Who knew?
I had no idea that me writing about my discombobulated thoughts on dating would cause such a hullabaloo. (I feel the need to apologize for that sentence. No idea what’s happening with me right now but those word choices are troubling) I got more feedback from my dating profile post than anything I’ve written in a while. Okay by me but I got a couple of questions that I figured could use some answering here in the content as I operate under the theory that if one person asks there are probably more wondering…
Question: “If you aren’t looking for a relationship then why are you dating?”
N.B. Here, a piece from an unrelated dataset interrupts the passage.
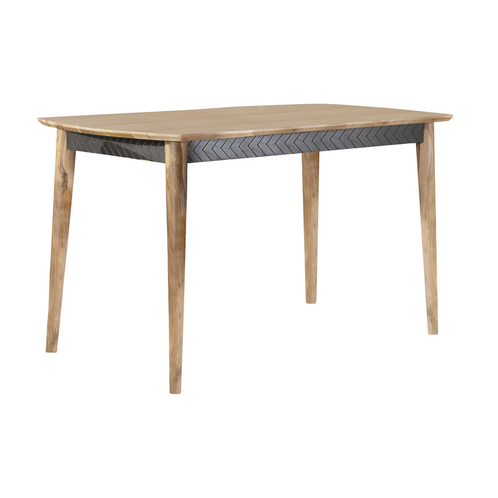 A perfect addition to contemporary homes, this Partridge 5-piece counter height dining set adds warmth to a dining area with its solid natural Sheesha wood frame. Along the apron of the table is an arrow-inspired graphical design in a contrasting black hue. An industrial-inspired counter height stool is wrapped in leather upholstery across the contoured backrest and seat offering ultimate comfort and stability. This set includes a counter height dining table, 2 camel counter height stools, and 2 black counter height stools.

Answer: I am looking for a relationship - just one on my terms. I spent more than half of my life being part of a couple and I’m really enjoying singleness. That being said it’s nice to have someone to hang out with now and again. I have friends that I love dearly but most of them are in relationships of their own which makes the scheduled weekly hang problematic. I am also specific about my expectations because I have encountered a disturbing number of single women my age looking for someone to die with… and that is not this guy. By the way, they don’t actually say that but I have come to be very sensitive to the fear of being alone and it’s the opposite of attractive. Shorter answer: shit gets boring sometimes and I like having fun.
Question: “Is it fair that you are dating 2 women at the same time?”
Answer: Nope, not what I’m doing. I couldn’t keep one woman consistently happy and supported so I have no desire to see how badly I can screw up multiple partners. These are first dates and in the case of the one tonight we have only spoken electronically. You can’t gauge attraction behind a keyboard. The face to face meeting is the true test and the odds are slim that any spark will form. I look at these as a challenge to make a new friend and not bullshit. Speaking of bullshit I have had more than one of these show up and look like they were wearing a disguise. The term “recent pictures” has a wide interpretive range. Shorter answer: not doing that ever.
Question: “What do you mean you are still friends with your ex?”
Answer: This is a me personally only answer so don’t get offended if you have a different situation going on… I can’t imagine being friends with someone for decades, having children with them, going through all the things that life deals out over time, and then cutting them completely out of my life. For a big part of my life this was the human I felt closest to on the planet. Promises we made during our early twenties didn’t hold up through our fifties and no matter how much I hate taking a loss and not living up to a vow, it is what it is. I get to choose how I react to my own divorce and I have picked domination. I decided to be the best I can be at this shitty thing that happens all the time. That’s me. So even if my former wife doesn’t feel that way, I do. I can only control me. Shorter answer: I rule divorce.
Question: “How can you LOVE living alone?”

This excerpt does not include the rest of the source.